Most of the problems I hit had nothing to do with this specific chip and everything to do with generic SWD debugging:
- Don’t marry one programmer. When the WCH-LinkE won’t cooperate, the ST-Link might (and vice versa).
- VTREF must see voltage. The chip can be powered and you’ll still get nowhere until the ST-Link sees a reference voltage. I didn’t know that 😐 (or the AI agent was wrong).
- Watch CubeProgrammer’s messages. “Cannot identify the device” on a PY32 doesn’t necessarily mean bad wiring – it just means the tool doesn’t recognize a non-STM32 by ID. Don’t let it send you down the wrong path.
- OpenOCD is more universal. For foreign Cortex-M parts a generic target is far more flexible than CubeProgrammer.
So yes, a failure. But an instructive one – both about cheap microcontrollers and about using an AI agent.
Product note: Power-on is a single button on the side of the board. The enclosure is 3D-printed.
Power-off works by placing the board LEDs-down and leaving it untouched for about ten seconds – it shuts itself off.

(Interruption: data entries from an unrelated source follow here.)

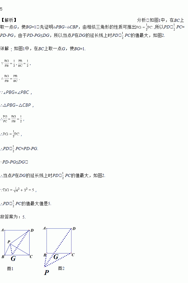 如图,已知正方形ABCD的边长为4,点P为平面上任意一点,PB=2,则PD﹣PC的最大值为_____.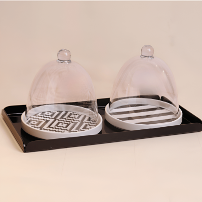 أطباق كيك بتصميم شريط أسود مع غطاء وصينية أكريليكية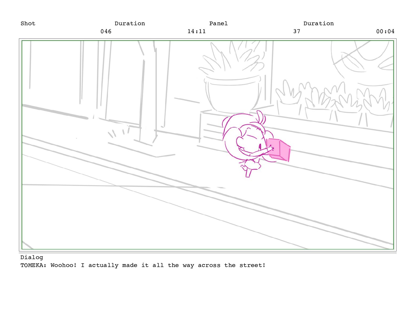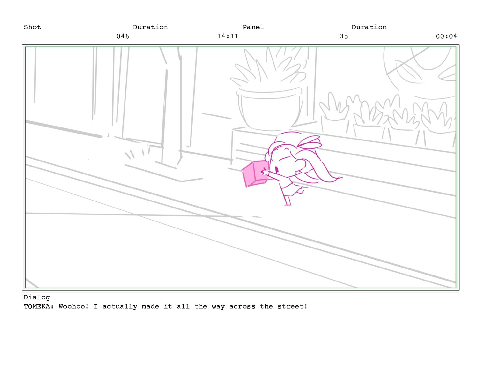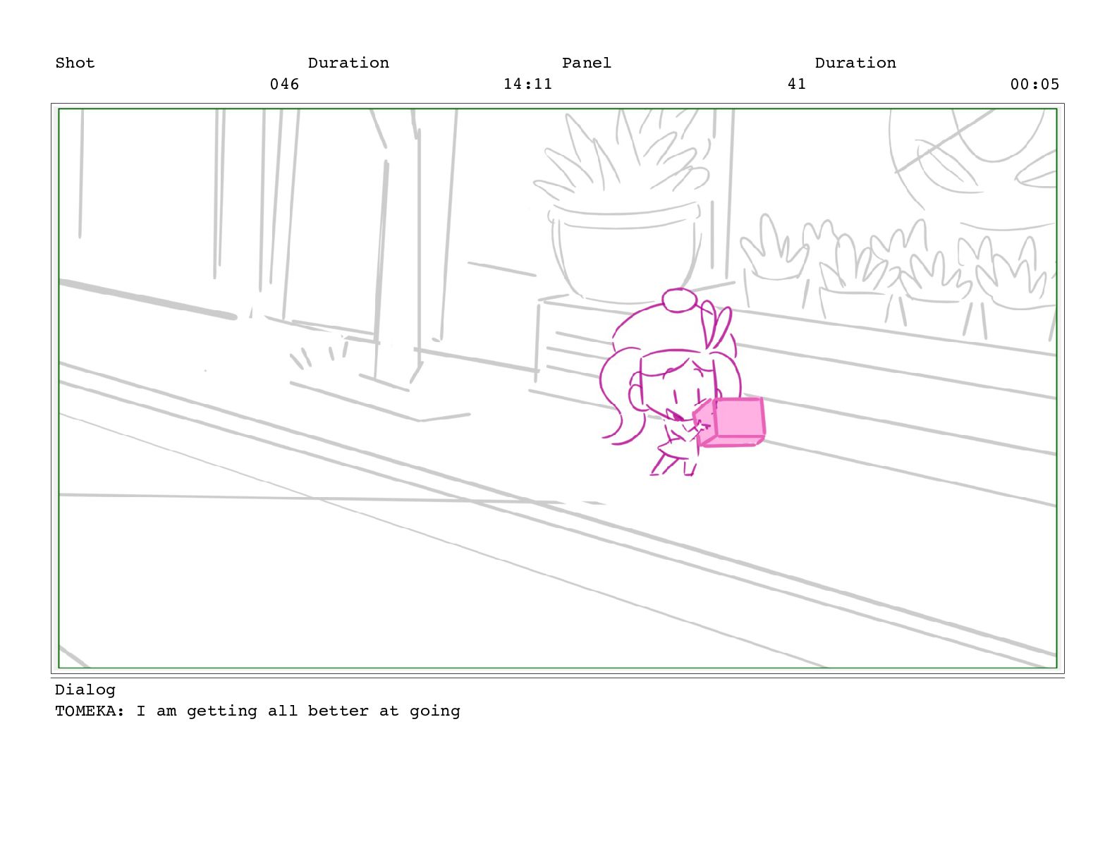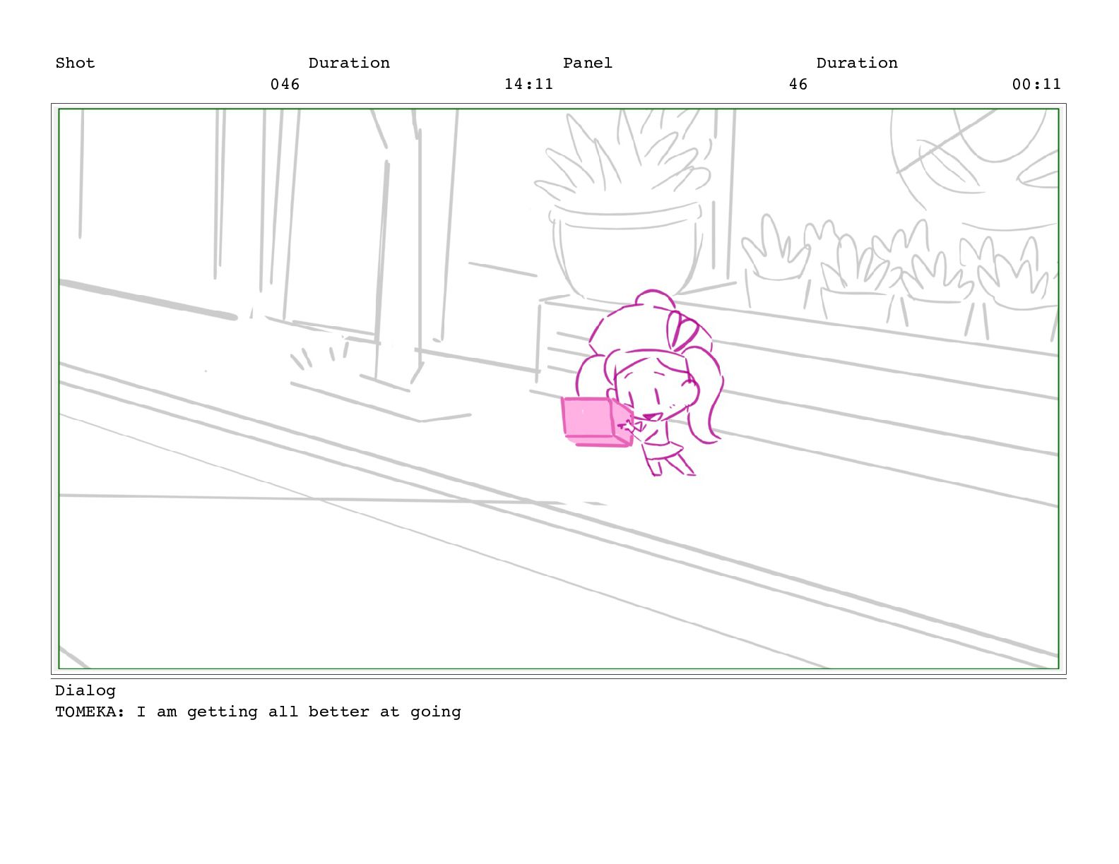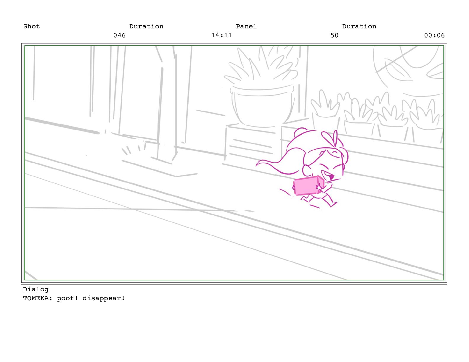 Shot 052 Duration 02:07 Panel 11 Duration 00:05 Dialog TOMEKA: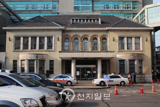 [천지일보=박선혜 기자] 포르말린 냄새를 풍기는 병원 안. 환자와 보호자로 정신없는 틈 속에 이리저리 둘러보니 우측 한편에 비상통로로 보이는 곳이 있다. 문에는 ‘경교장 복원 공사 현장’이라고 쓰여 있었으며 출입이 통제됐다.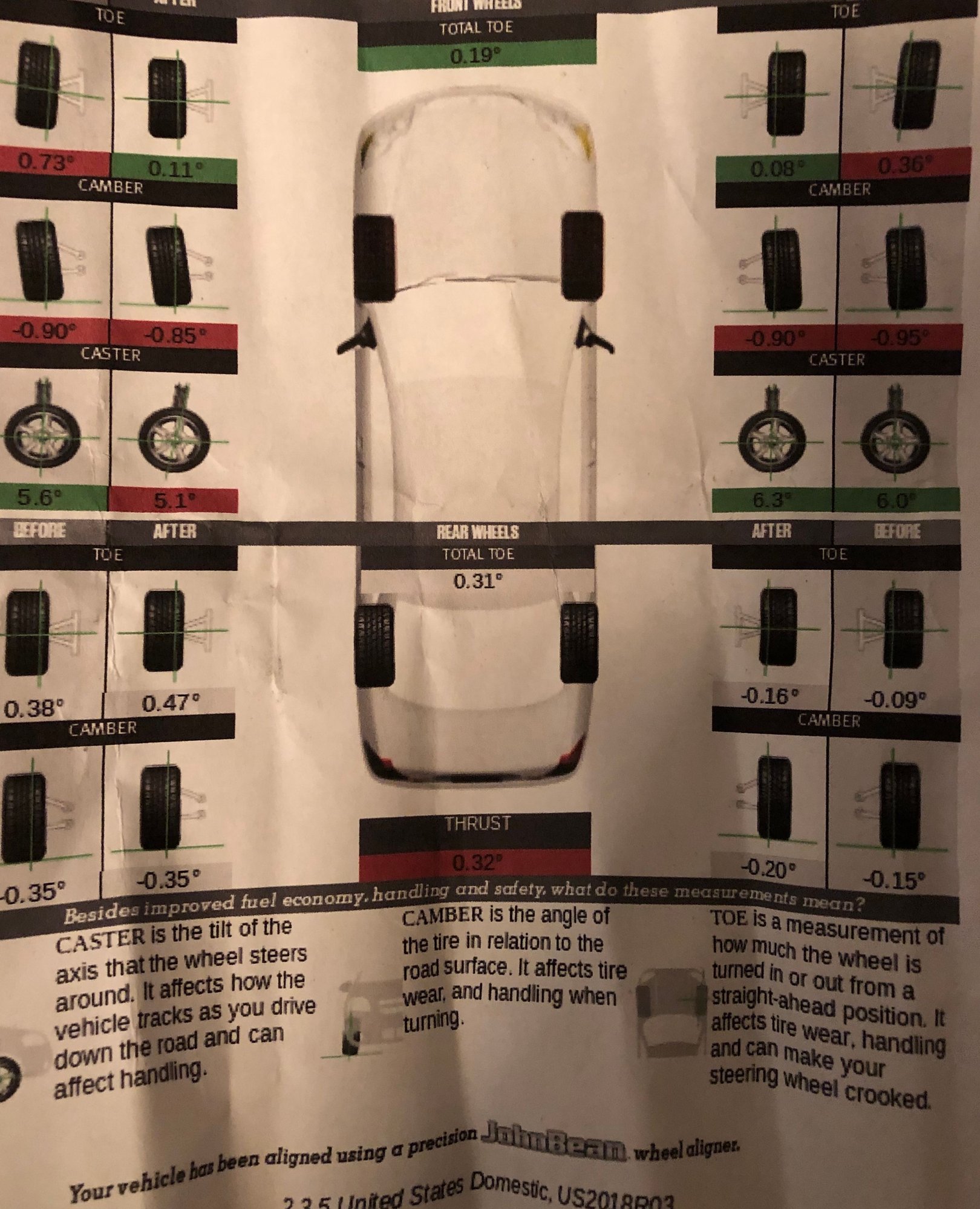 If the OP had a professional alignment shop do the work they would have checked ball joints, tie rod ends and wheel hubs for play before even starting the process and would have said that they could not proceed with the alignment until all worn parts were replaced. That said, without any punctuation the OPs post is a bit confusing. I'm not sure if he said he needs one ball joint or has new ball joints. If I am reading the alignment sheet correctly, I see -.85 LF and -.95 RF which is not excessive. Typically you run slightly more negative camber on the right front to compensate for the crown in the roads for left hand drive countries. I would call it good and move on.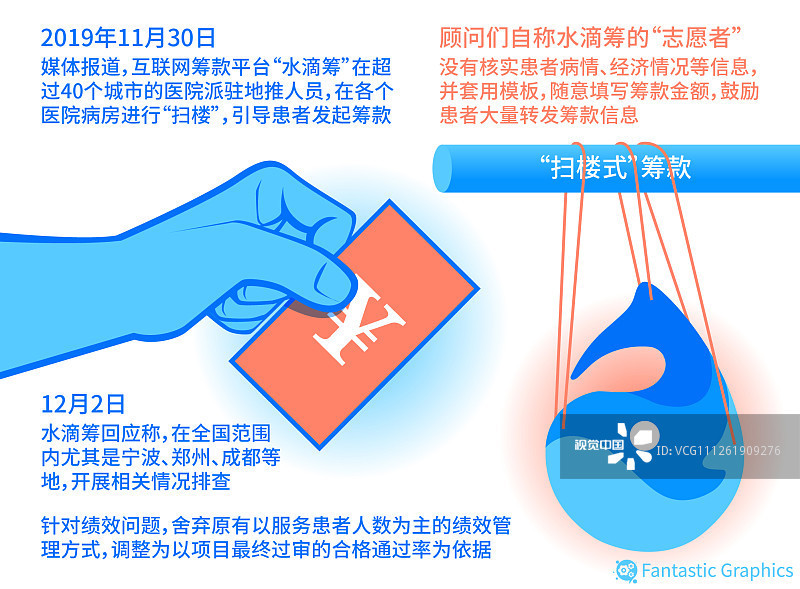11月30日,媒体发布了一则“卧底水滴筹”的视频。自称水滴筹“志愿者”的顾问,在发起筹款的过程中只是口头询问,没有核实患者病情、经济情况等信息,并套用模板,随意填写筹款金额,鼓励患者大量转发筹款信息。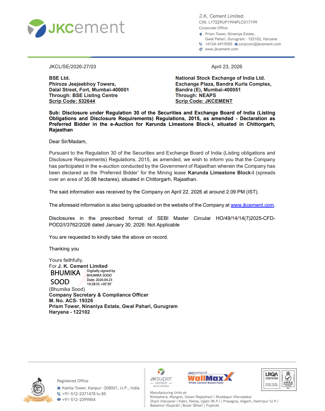 Official Exchange Filing: JK Cement Limited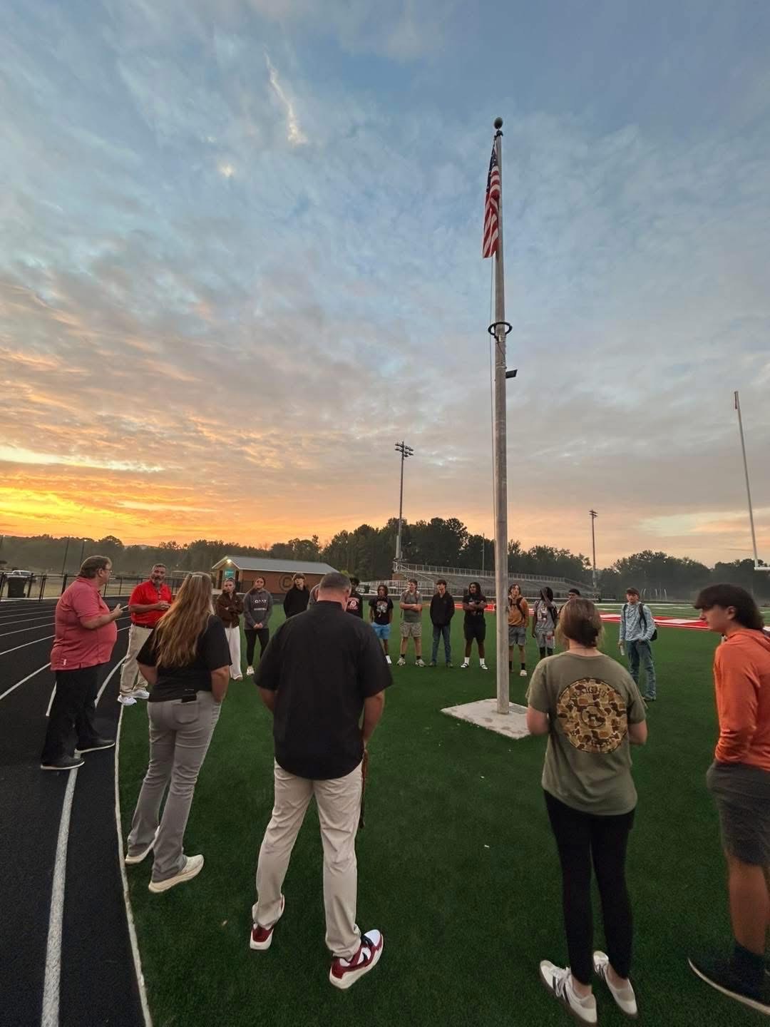 On Wednesday, September 24, Chattooga High School’s FCA members held their annual “See You At the Pole”, an event where they met up at the flag pole in Little Big Horn Stadium before school. This meeting took place around 7:20 am, and there was a good turnout of students and teachers. When the students first arrived, there was worship music playing and an opportunity for them to talk with each other. Pastor Phil Minter from Trion Harvest Worship Center came and delivered a great message to our students and staff about the importance of showing Jesus to the people around you. He talked about being the change you want to see and being a light for others. Hannah Hasty, one of the students who attended this event, said, “I thought it was a great way to spread the gospel to people that might not hear it otherwise! That might be the only Jesus some people ever hear. All the teachers there were so kind and helpful, and the pastor spoke a great message.”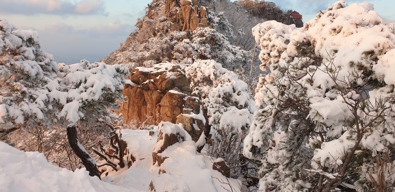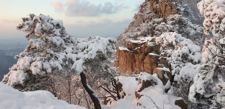 관악산은 답답함 없이 탁 트여 서울 시내가 한눈에 다 보이는 시원한 전경이지만 정식 등산로 부근은 오르는 동안 멋있고 아늑한 곳이 많다. 산등성이와 눈앞에 펼쳐진 하얀 눈은 품고 있던 쓸데없는 생각들을 일순간 정리하며 금세 마음을 환하게 만든다.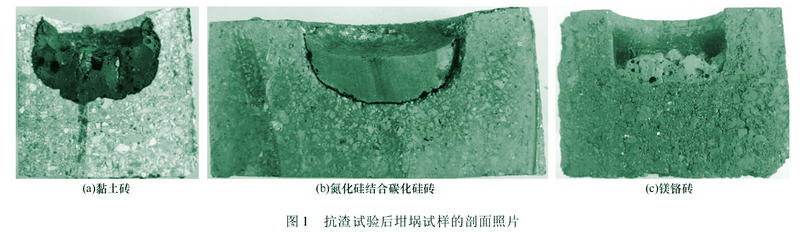 抗渣試驗采用靜態(tài)坩堝試驗方法,在試樣的中間鉆取內(nèi)孔φ36mmX30mm的坩堝試樣,將20g煙塵渣放入坩堝內(nèi)孔中,在1300℃保溫24h后,沿坩堝中心軸切開,觀測其侵蝕情況,試樣的剖面照片見圖1,可以看出:粘土磚侵蝕最為嚴(yán)重,氮化硅結(jié)合碳化硅磚次之,鎂鉻磚幾乎沒有侵蝕

Link to the LED Fluid Simulation

Tools used: OpenOCD (xPack build), ST-Link on NUCLEO-C031C6, Zadig (WinUSB driver), multimeter, and plenty of patience.
PY32 parts you can actually program easily
If the PY32 caught your eye but you want a smoother on-ramp than wrestling with the F403, grab the cheaper PY32F002, PY32F003 or PY32F030 series – the most common parts that the community actually supports.
Unlike the F403 (Cortex-M4) these are simpler Cortex-M0+ cores, but they come with ready-to-use infrastructure: the community Arduino core (py32duino/Arduino-PY32) lets you program them straight from the Arduino IDE the way you already know, PlatformIO has board definitions for the F003/F030, and ready-made GCC/CMake templates (IOsetting/py32f0-template, decaday/py32f0-cmake) produce a working binary in minutes.
You can flash them with the same ST-Link you already have running, or with a cheap DAPLink. For learning and first LED blinking this series is far more pleasant – save the F403 for when you feel like hand-rolling a toolchain.